In this paper a novel fault detection, isolation, and identification (FDI&E) scheme using a coupling diagnosis method with the integration of the model-based method and unsupervised learning algorithm is proposed and developed for monitoring gas turbine sensor faults, which represents an integration of Square Root Cubature Kalman Filters (SRCKF) and an improved Density-Based Spatial Clustering of Application with Noise (DBSCAN) algorithm. A detection indicator produced by SRCKF with a specific hypothesis is used for extracting sensor fault features against process and measurement noise, as well as operating conditions.
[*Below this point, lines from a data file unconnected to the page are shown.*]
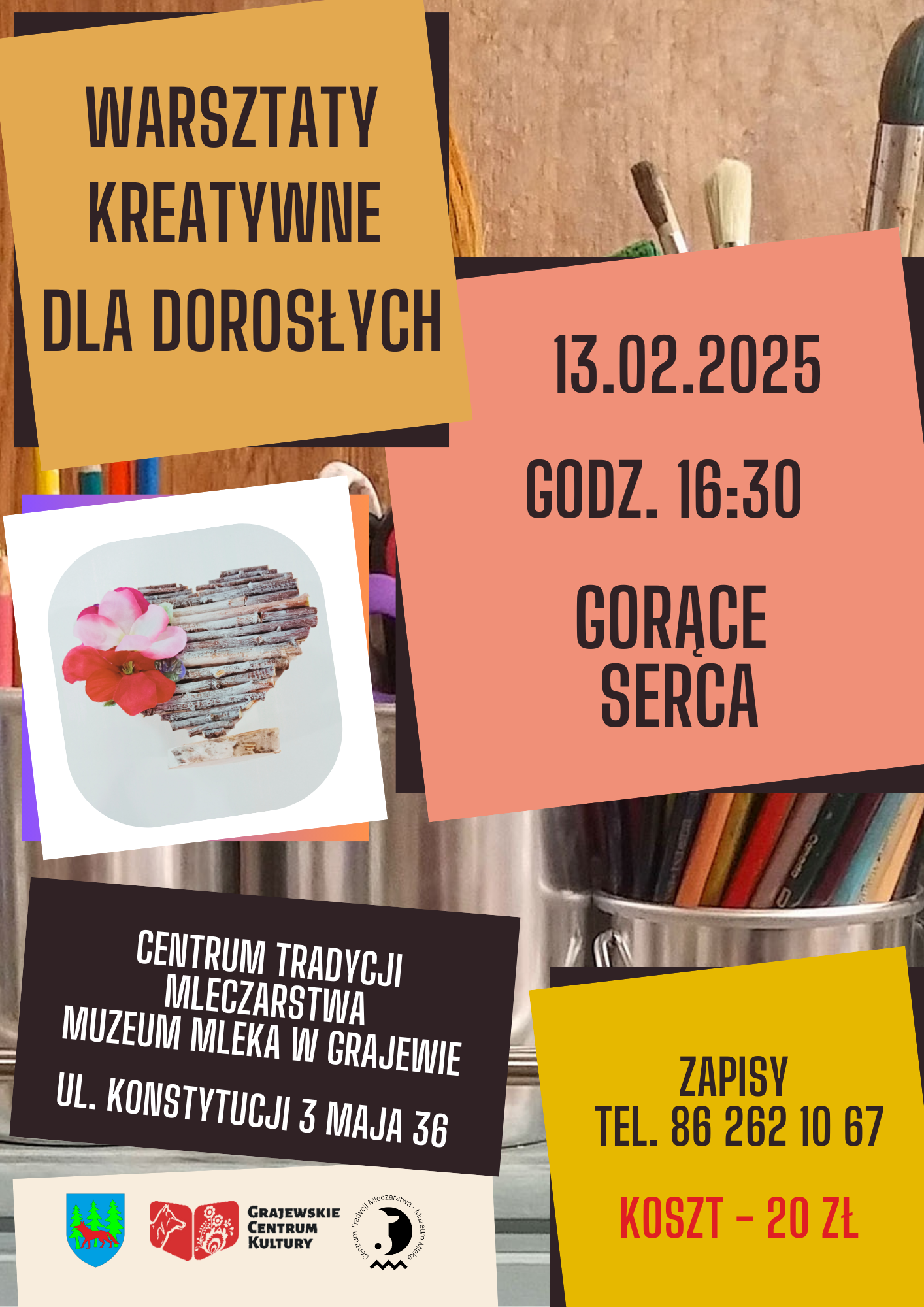 Grajewskie Centrum Kultury zaprasza na kreatywne warsztaty dla dorosłych pt. "Gorące Serca", które odbędą się 13 lutego 2025 roku o godzinie 16.30 w Centrum Tradycji Mleczarstwa - Muzeum Mleka w Grajwie, przy ulicy Konstytucji 3 Maja 36. Cena za wstęp wynosi 20 zł. Obowiązują zapisy pod nr tel.: 86 262 10 67.
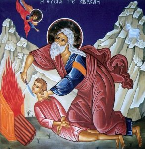 Πήρε λοιπόν τον μικρόν Ισαάκ και πήγε στο θυσιαστήριο. Μα τη στιγμή που σήκωσε το μαχαίρι, άγγελος Κυρίου τον κράτησε και του λέει:
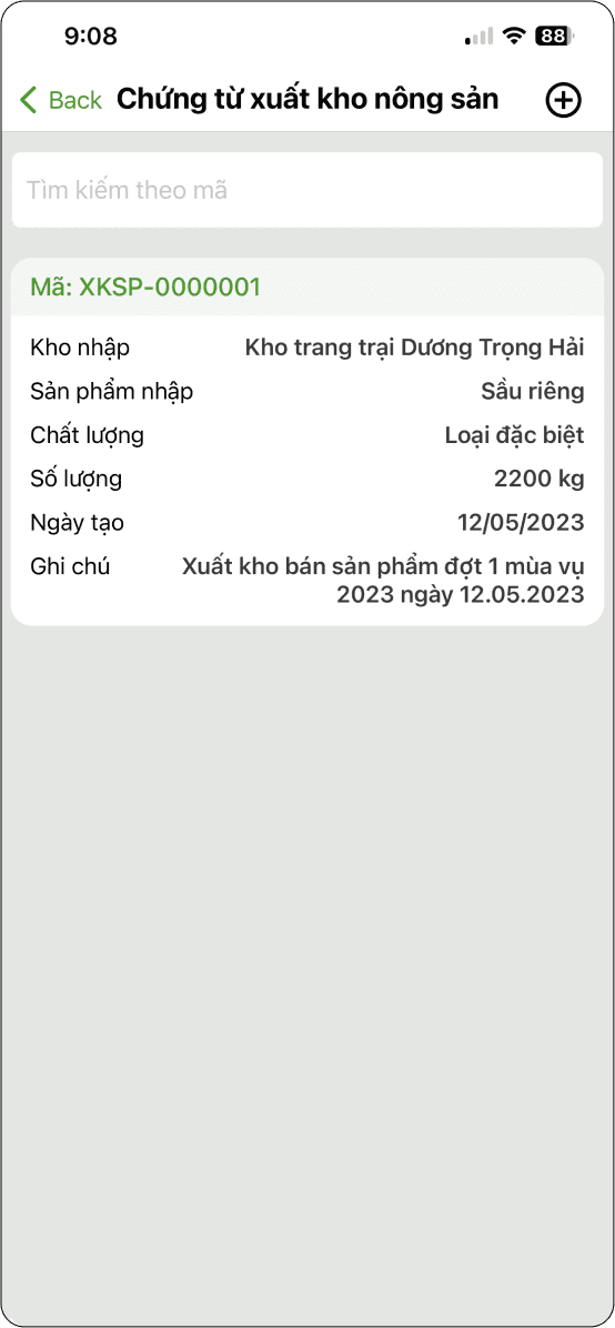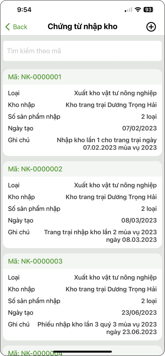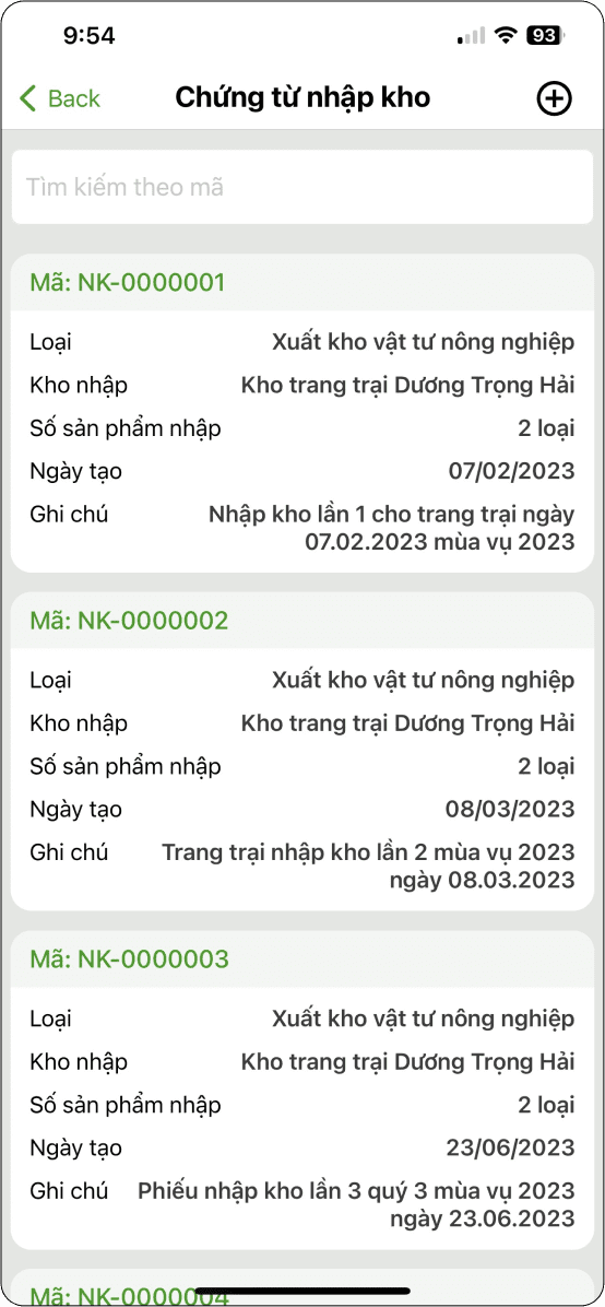 Tất cả các chứng từ nhập - xuất kho đều được hệ thống lưu trữ và cung cấp thông tin truy xuất nguồn gốc của trạng trại.
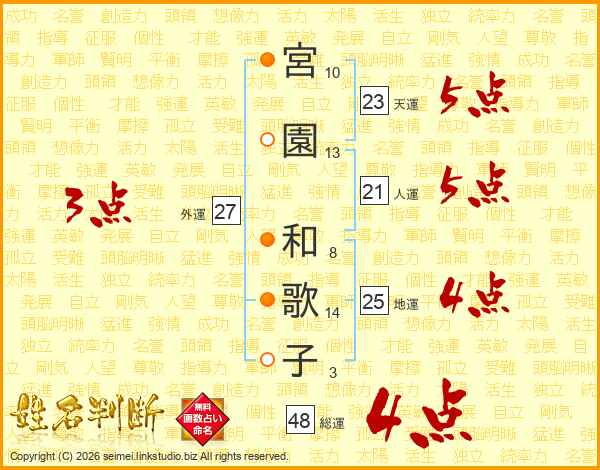 宮園和歌子さんの総運は48画の4点!
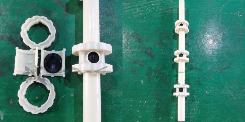 4、曝氣器由上、下管夾、單孔膜片、曝氣器緊固件、ABS 管道等部件組成的,所有部件在安裝時應(yīng)清洗干凈。按照設(shè)計要求組裝好。單孔膜片應(yīng)安裝在上管夾出氣孔上,管道上的出氣孔應(yīng)與單孔膜片上的孔上下對好,下管夾的定位銷(突起)應(yīng)插入ABS管道與出氣孔相對的定位孔中。曝氣管上、下管夾位置固定好后,應(yīng)用固定圈在上管夾和下管夾兩端擰緊,并旋轉(zhuǎn)到一定角度后鎖緊固定。
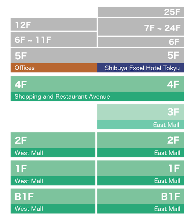 Shibuya Mark City is located directly across from Shibuya Station. From the JR Lines or Subways, follow the signs towards the Keio Inokashira Line (京王井の頭線). If you arrive by the Keio Inokashira Line, you will already be in the right building.
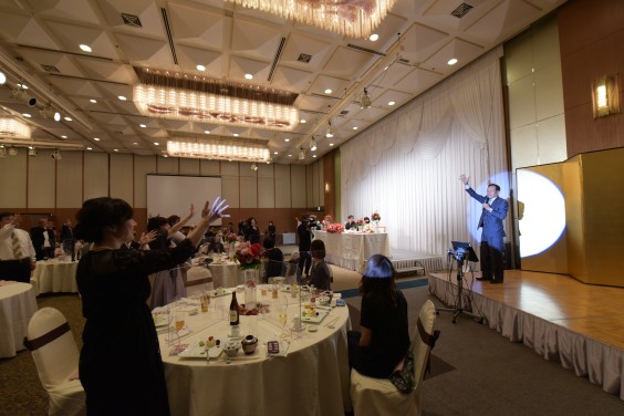 披露宴での与えられた時間はじゃんけんゲームも含めて<30>分。いやがおうにも会場は盛り上がり、特にじゃんけんゲームは賑わった。その間所要時間25分。司会者に、お褒めの言葉を頂いた。新郎の友人であるs君の《糸》・ウィーンからの長女達のオペラ・その後厳粛なうちに閉会した。
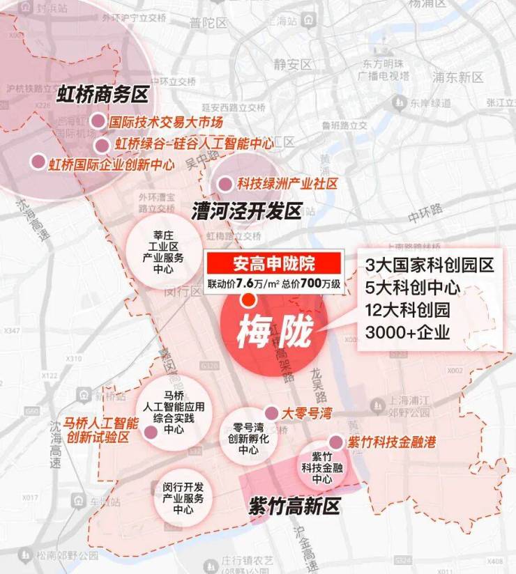 梅陇周边有3大国家级产业区、5大科创中心、12大科创园、3000+企业,直线距离约7公里范围内拥有漕河泾开发区、紫竹高新技术产业园等科创基地。据悉,漕河泾开发区有望入住梅陇,为增强闵行中部地区科技创新活力。

Then, an improved DBSCAN is implemented based on a voting scheme to detect and isolate the faulty sensors. Finally, a residual-based fault estimation scheme is proposed to track sensor fault evolution and help to judge the types of faults. Moreover, the observability of the model involved is analyzed to verify the stable operation of the FDI&E scheme. Various experiments for single and concurrent sensor fault scenarios in a dual-spool gas turbine prototype during a whole flight mission are conducted to demonstrate the effectiveness of the proposed FDI&E scheme. Moreover, comparative studies confirm the superiority of our proposed FDI&E scheme than the existing methods in terms of promptness and robustness of the sensor FDI.

Highlights

  • Gas turbine (GT) engines provide power for airplanes, ships and industrial equipment, and reliable and efficient operation is crucial to their safety and performance

  • When the performance of the sensor degenerates, malfunctions, or fails, there will be a serious impact on the follow-up monitoring, control, or fault diagnosis systems, resulting in misdiagnosis, false alarm and even unexpected GT faults that lead to unplanned maintenance of equipment [2]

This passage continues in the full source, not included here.